§ **INSTRUCTIONS TO FOLLOW**
Reproduce exactly, and only, the lines of the material below running from the line bearing "- Pentru început" through the line bearing "Classic XXXL Bean". Leave any pictures out.

§ **MATERIAL SHOWN**
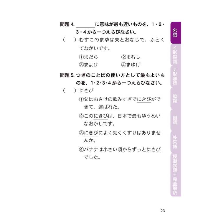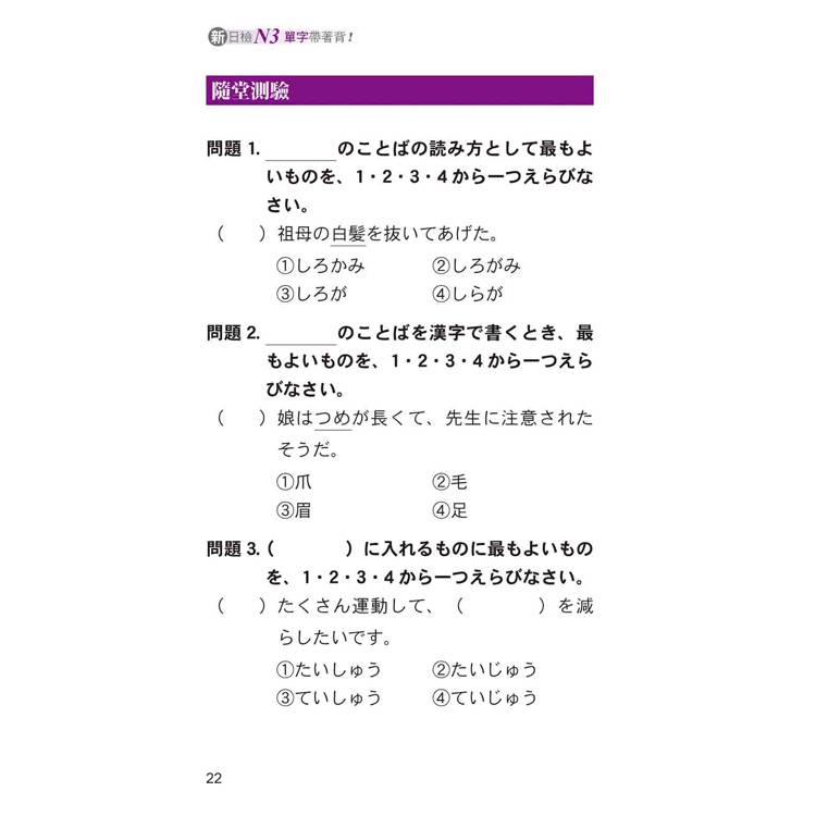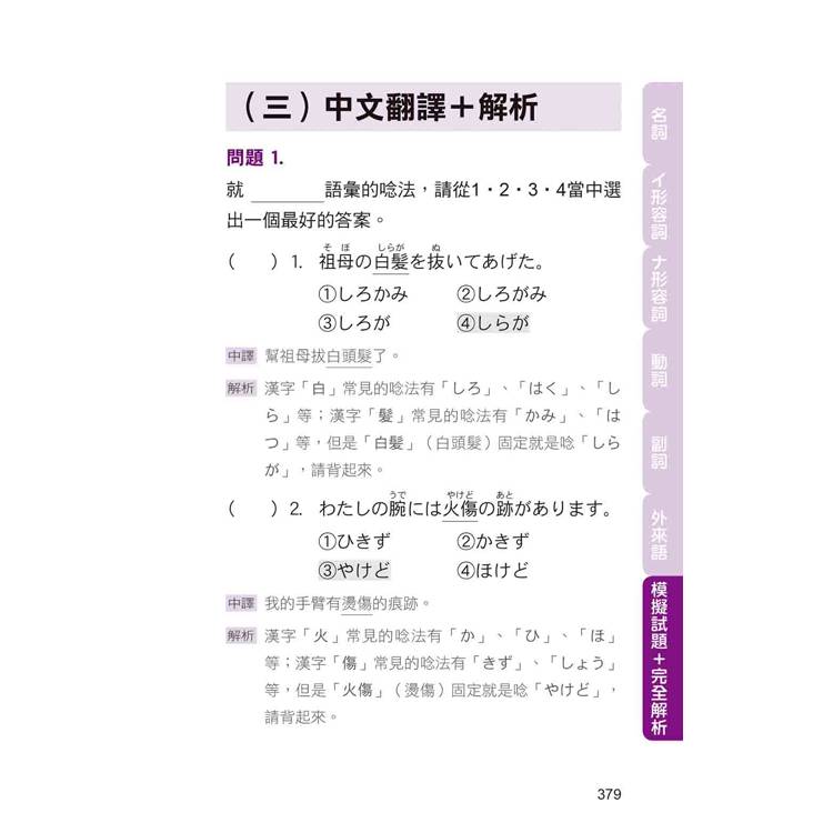 本書的每個分類後面均有「隨堂測驗」。此外,全書最後還有「模擬試題」。針對試題的解答、中譯、解析,都是協助您面對實際「言語知識」考科時的最佳利器。
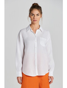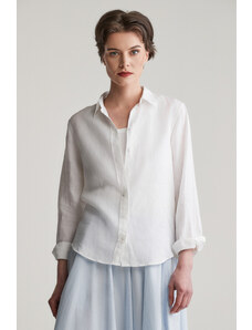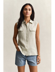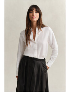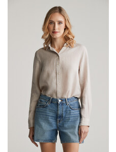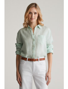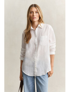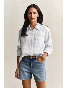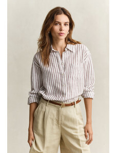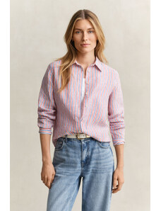 Dámska ľanová košeľa v obľúbenom pruhovanom vzore. Voľný strih s dlhým rukávom, našitým vreckom a zaokrúhleným spodným lemom dopĺňa zámik s pútkom na chrbte pre maximálnu voľnosť pohybu. Nechýba tonálne logo Gant vyšité na hrudi. 100% ľan v prémiovom spracovaní zaručuje dokonalú ľahkosť, priedušnosť a príjemný pocit počas nosenia. V letnom období určite oceníte aj mierne chladivý efekt tohto prírodného materiálu. Skvele kombinovateľný kúsok, ktorý štýlovo doladí Váš športovo-elegantný outfit.
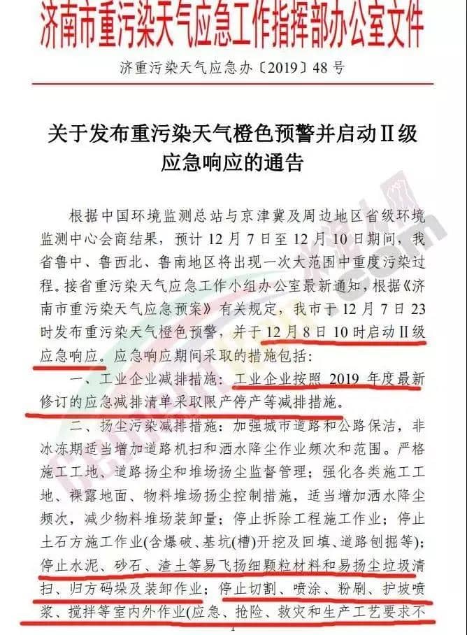 以山東濟(jì)南市重污染天氣應(yīng)急工作指揮部辦公室發(fā)布《關(guān)于發(fā)布重污染天氣橙色預(yù)警并啟動Ⅱ級應(yīng)急響應(yīng)的通告》為例,12 月 7 日 23 時發(fā)布重污染天氣橙色預(yù)警,并于 12 月 8 日 10 時啟動Ⅱ級應(yīng)急響應(yīng)。
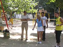 - Pentru început primul jucător aruncă ținta la o distanță cuprinsă între 6 și 10 metri. Ținta trebuie să se afle la cel puțin 1 m distanță de orice obstacol (copac, zid, etc).
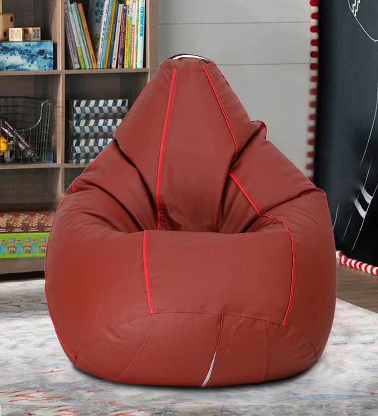 Classic XXXL Bean Bag with Beans in Tan Colour with Red Piping
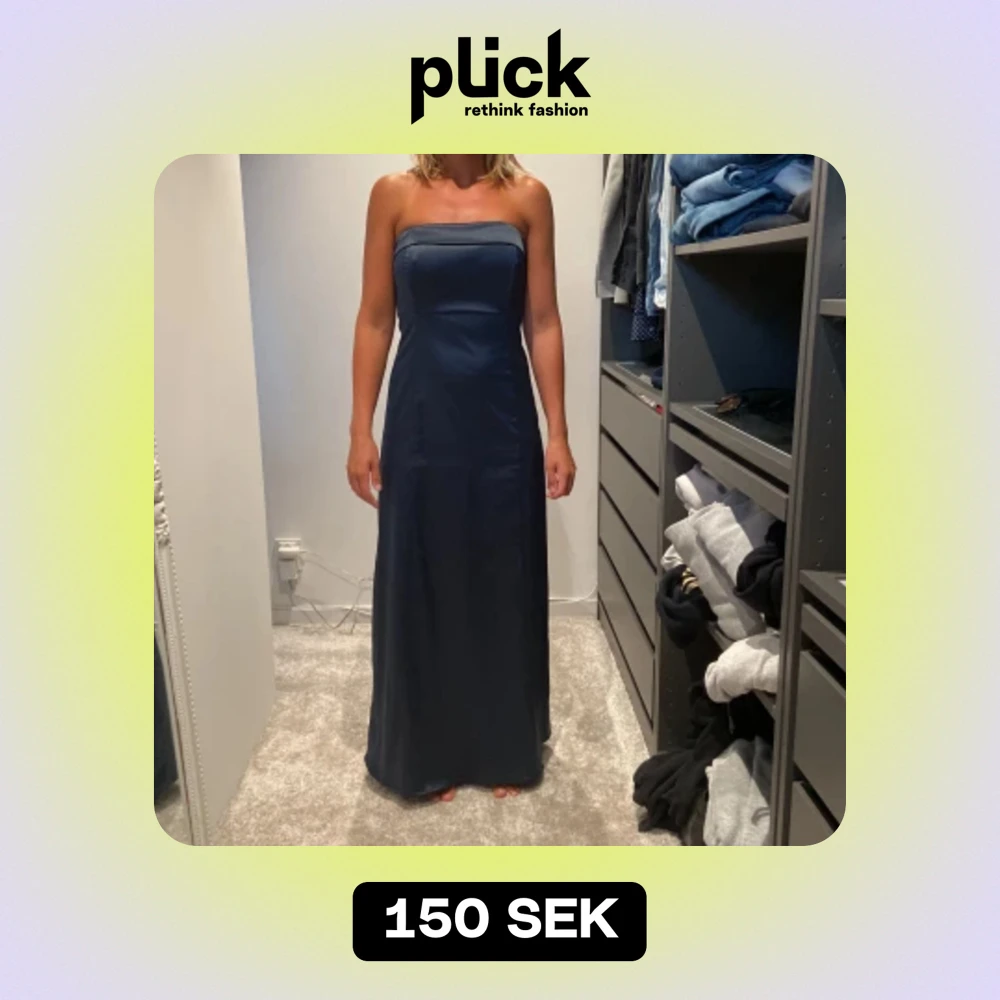 Säljer en elegant mörkblå långklänning från Vila i storlek XS. Klänningen är axelbandslös och har en tight passform som framhäver figuren. Perfekt för fest eller bal! 💙

§ **ANSWER BELOW**
 - Pentru început primul jucător aruncă ținta la o distanță cuprinsă între 6 și 10 metri. Ținta trebuie să se afle la cel puțin 1 m distanță de orice obstacol (copac, zid, etc).
 Classic XXXL Bean Bag with Beans in Tan Colour with Red Piping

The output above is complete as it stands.